With Mark Carney’s Liberal minority government creating a minister of northern and Arctic affairs in Rebecca Chartrand, Zimmer’s formal title is shadow minister for Arctic affairs and the Canadian Northern Economic Development Agency.
Zimmer won his Prince George–Peace River–Northern Rockies seat with 71 percent of the vote in last month’s federal election. He has held the seat since 2011, when it was known as Prince George–Peace River.
Conservative leader Pierre Poilievre kept Zimmer in the northern affairs role on Wednesday as he unveiled his shadow cabinet to face Carney’s government. (Poilievre himself can’t sit in the House until he wins a seat, having lost the Carleton riding in April. He is expected to win Alberta’s safe Conservative seat of Battle River–Crowfoot in a by-election by the end of August.)
“Conservative solutions are needed now more than ever.

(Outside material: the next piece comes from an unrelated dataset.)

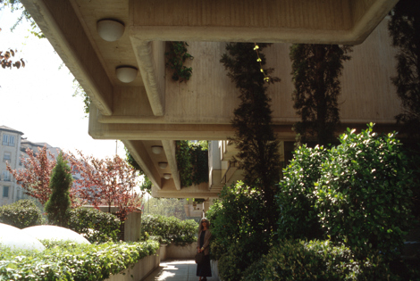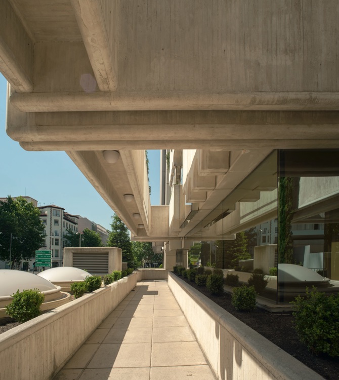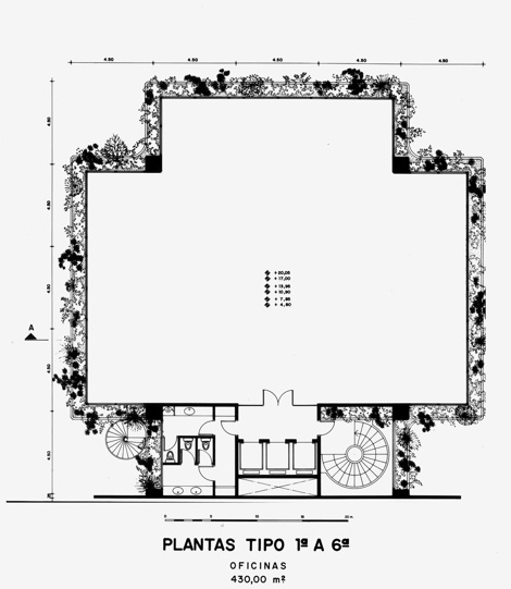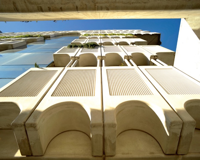 Fachada de hormigón visto blanco prefabricado con jardineras incorporadas. Esta solución carece de pilares interiores, huyendo del muro cortina que llegó a España con tanto retraso. Las piezas prefabricadas de hormigón se sustentan por gravedad, sentadas sobre el borde de forjados. Cada una contiene una jardinera con gran capacidad de tierra bajo la que van conductos perimetrales de instalaciones.

We have already won the debates on carbon taxes, inflation, housing costs, crime, natural resource development and more,” Poilievre stated in announcing his shadow cabinet. “That is why Canadians gave us 23 more seats and two million more votes.”
Poilievre listed the full shadow cabinet in a post on X.
The announcement confirms former leader Andrew Scheer will be the party’s House of Commons leader while Poilievre has no seat.
The shadow minister of Crown-Indigenous relations, opposite Carney cabinet pick and NWT MP Rebecca Alty, is central Ontario MP Jamie Schmale, a former journalist.
The Conservatives’ shadow Indigenous services minister is Billy Morin, a former chief of Enoch Cree Nation who is now the MP for Edmonton Northwest.